La difficile realtà economica dei tennisti fuori dalla Top 200: la proposta di Taro Daniel https://t.co/xNhFbwnrm4
— LiveTennis.it (@livetennisit) June 24, 2025
Taro Daniel, attualmente numero 157 del mondo, lo ha raccontato senza filtri al Financial Times, svelando il bilancio annuale di un tennista di medio livello. Il risultato? Il tennis, per chi non è una star, è una piccola impresa che rischia spesso di andare in perdita.
Il tennista giapponese ha snocciolato cifre precise: tra coach (50mila dollari più bonus del 10%), preparatore atletico (altri 50mila), viaggi, hotel, cibo, staff e attrezzature, il totale sfiora i 440mila dollari all’anno. Solo per “sopravvivere” nel circuito. Le spese operative mensili arrivano a circa 20mila dollari, una cifra che include voli, soggiorni, alimentazione e logistica.
Un volo interno negli Stati Uniti con due persone di staff e racchette al seguito? Fino a 2.000 dollari solo andata. A fronte di queste uscite, i ricavi stagionali – per un tennista del livello di Daniel – si attestano intorno ai 570mila dollari: 500mila dal montepremi, 50mila dallo sponsor abbigliamento e 20mila da quello delle racchette.

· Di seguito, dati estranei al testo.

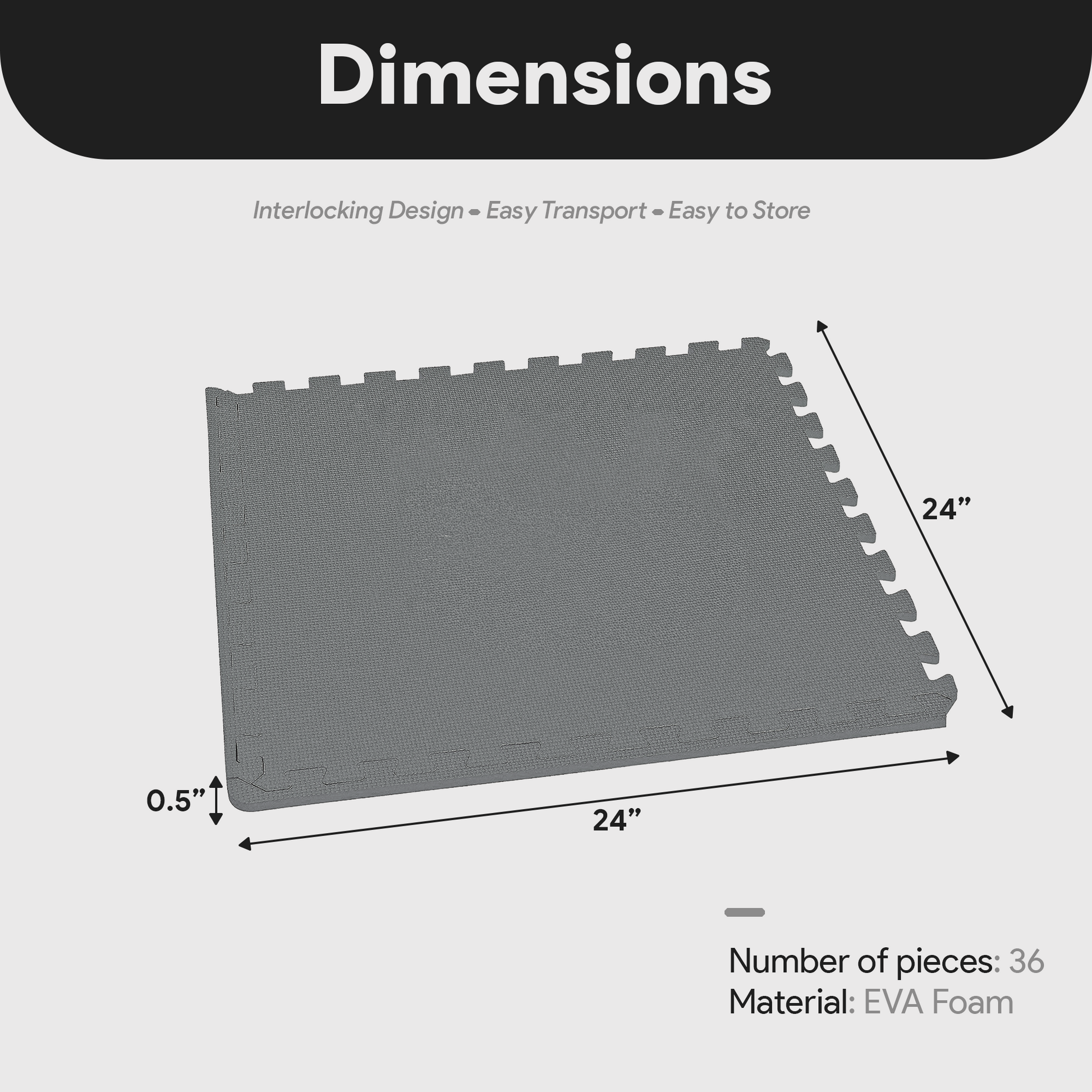 - Tile dimensions (L x W x H): 24 x 24 x 0.5 inches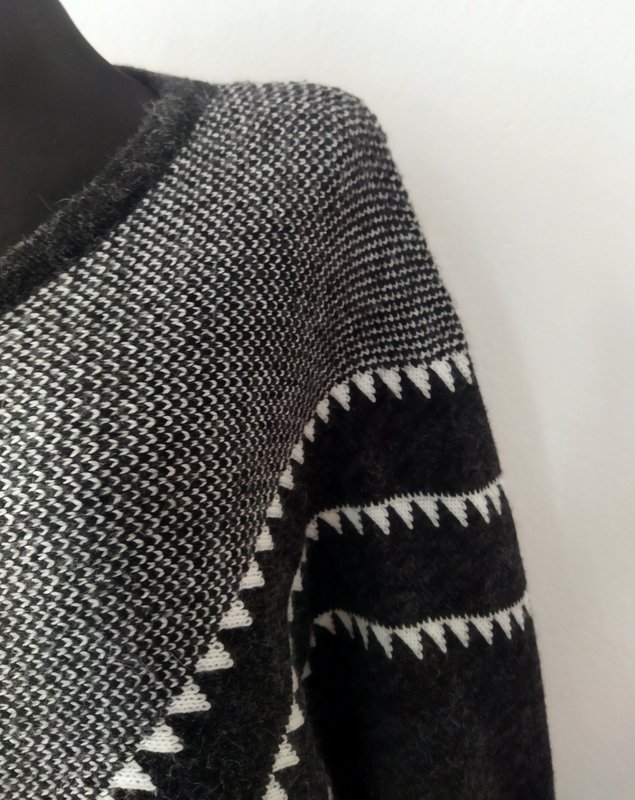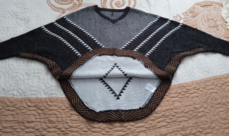 Wzorzysty sweter o ciekawym kroju stylizowany na poncho z akrylowej włóczki z domieszką wełny i poliamidu w kolorze melanżowej czerni z wzorami w białym i karmelowym kolorze. Fason lekki nietoperz zaokrąglony dołem z rozcięciami po bokach od pach, rękawy bez szwów przyramiennych zwężane do dołu wykończone ściągaczami. Ładniejszy w realu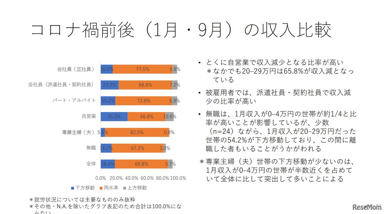 コロナ禍前後(1月・9月)の収入比較(保護者)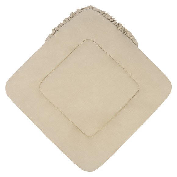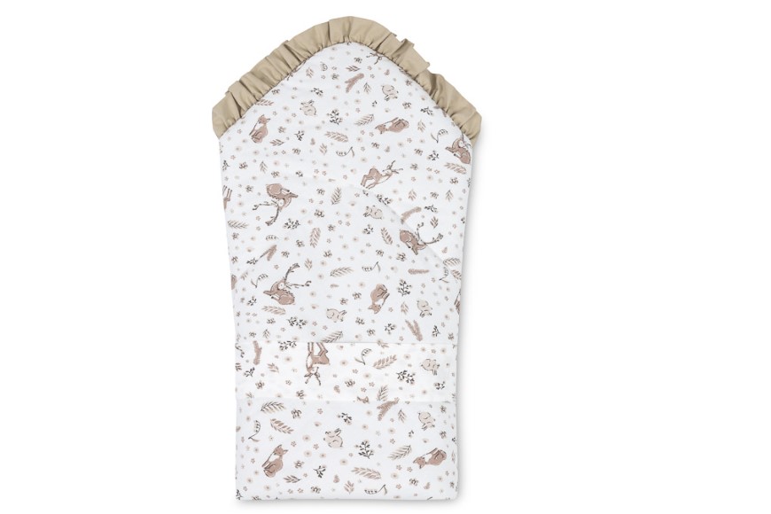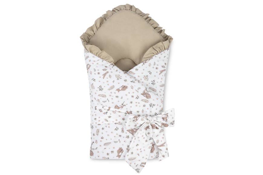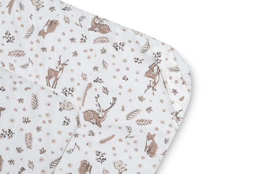 Dwustronna konstrukcja pozwala na zmianę wyglądu – jedna strona z subtelnym nadrukiem, druga z miękkiej bawełny. Rożek sprawdzi się jako otulacz do snu, mata do zabawy oraz wygodne wsparcie podczas karmienia i noszenia.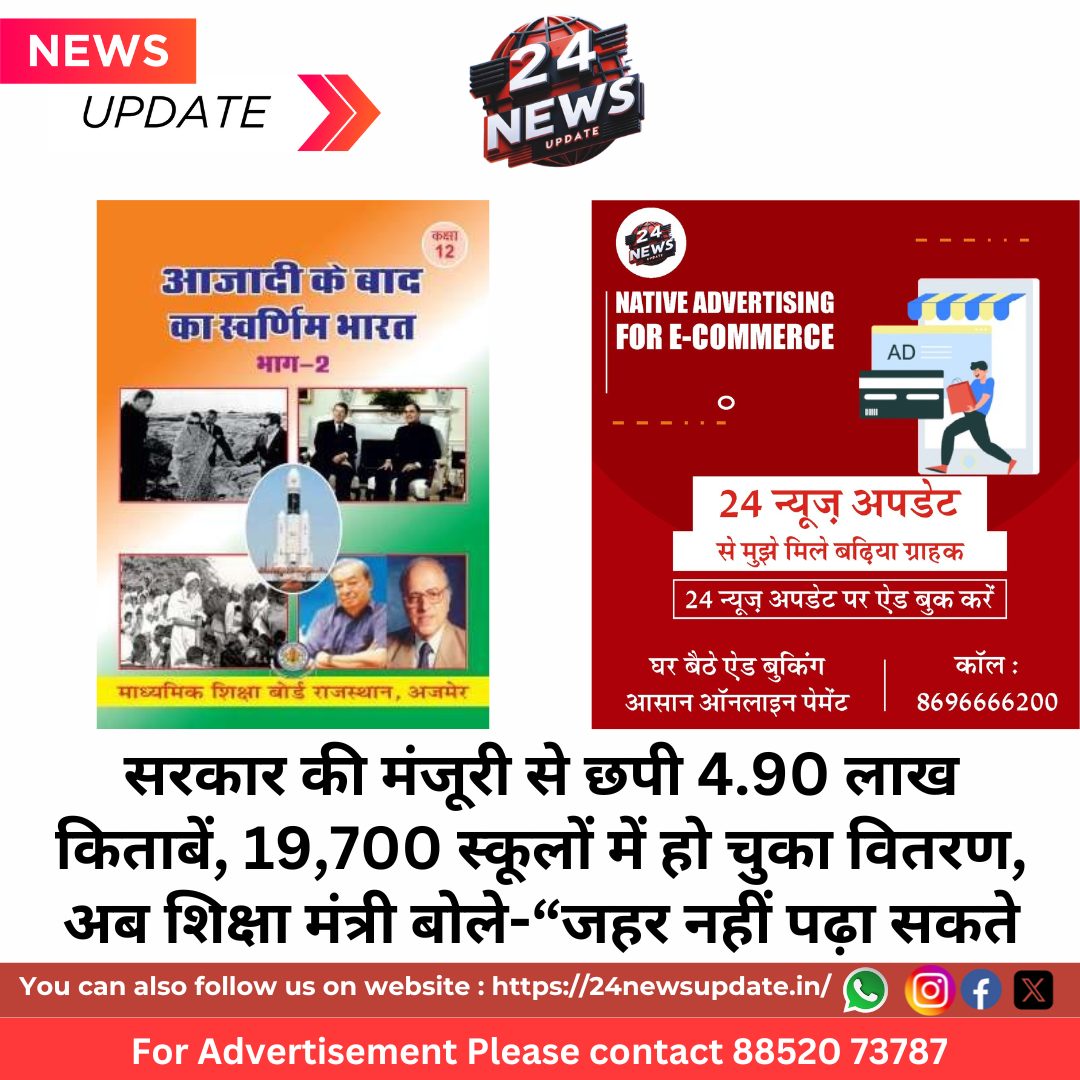 बहरहाल, राजस्थान बोर्ड की 12वीं की एक किताब पर विवाद हो गया है। माध्यमिक शिक्षा बोर्ड की ’आजादी के बाद का स्वर्णिम पुस्तक में पूर्व प्रधानमंत्री नेहरू, इंदिरा गांधी, राजीव गांधी और मनमोहन सिंह जैसे नेताओं के योगदान का विस्तृत वर्णन है, लेकिन वर्तमान प्रधानमंत्री नरेंद्र मोदी के योगदान को अपेक्षाकृत कम तवज्जो दिए जाने को लेकर सरकार ने नाराजगी जाहिर की है। इसके चलते न केवल इन किताबों को विद्यार्थियों को पढ़ाने पर रोक लगा दी गई है। बोर्ड में पदस्थ सीनियर असिस्टेंट डायरेक्टर दिनेश कुमार ओझा को एपीओ (अपेक्षित प्रतीक्षा आदेश) कर दिया गया है। मुख्यालय बीकानेर स्थित शिक्षा निदेशालय में कर दिया गया है। इसे बोर्ड सचिव कैलाश चंद्र शर्मा ने प्रशासनिक निर्णय नाम दिया हैं यह पुस्तक पिछले साल भी पढ़ाई गई थी। इस साल पुराने सिलेबस के तहत किताबें सरकारी परमिशन से ही छापी गई। यही नहीं राजस्थान राज्य पाठ्यपुस्तक मंडल के बैनर तले नए सत्र के लिए 4.90 लाख किताबें और छापी गई जिनमें से 80 प्रतिशत से अधिक किताबों का वितरण राज्य के 19,700 स्कूलों में हो चुका है। अब सरकार कह रही है कि यह किताब विद्यार्थियों को नहीं पढ़ाई जाएगी। शिक्षामंत्री मदन दिलावर ने प्रतिक्रिया देते हुए कहा, “चाहे लाखों की किताबें बर्बाद हो जाएं, लेकिन हम बच्चों को झूठा या पक्षपातपूर्ण इतिहास नहीं पढ़ा सकते। गलत जानकारी ‘जहर’ के समान है और हम वह नहीं बांट सकते।” कांग्रेस ने भाजपा सरकार की मंशा पर सवाल उठाए हैं। प्रदेशाध्यक्ष और गोविंदसिंह डोटासरा ने कहा, “क्या सरकार बच्चों से भारत का असली इतिहास छुपाना चाहती है? सरकार शिक्षा को विचारधारा की प्रयोगशाला बना रही है।”

Il margine? Ridotto, anzi ridottissimo, soprattutto considerando che i premi vengono tassati alla fonte in ogni Paese dove si gioca. A quel punto, il rischio è quello di ritrovarsi con in mano un pugno di mosche dopo un anno di fatiche. Anche perché, serve ricordarlo: non tutti i tennisti fuori dalla top 100 guadagnano così tanto come Daniel, che comunque ha ottenuto anche risultati lusinghieri. (continua dopo la foto)

Gli sponsor, racconta Daniel, arrivano solo quando si vincono tornei noti al grande pubblico. “Se dici che hai vinto 20 Challenger, ti chiedono cos’è un Challenger”. Un paradosso che mostra quanto conti l’apparenza anche nello sport professionistico.
Per cambiare il sistema, Daniel propone una misura semplice e praticabile: dare 100mila dollari annui ai primi 300 o 400 tennisti del mondo, finanziati da ATP, WTA e dai tornei dello Slam, che incassano tra i 350 e i 500 milioni di dollari ogni anno.
“Basterebbero 8 milioni a testa da ciascuna organizzazione”, spiega, “per creare un fondo che renda sostenibile la carriera anche di chi non è al vertice”. Un’idea di buon senso, sottolinea, che servirebbe a garantire merito, equità e futuro a tutto il movimento. Perché se il tennis vuole restare uno sport globale e competitivo, e se i tornei vogliono continuare a esistere, non possono permettersi di perdere i loro “artigiani” della racchetta.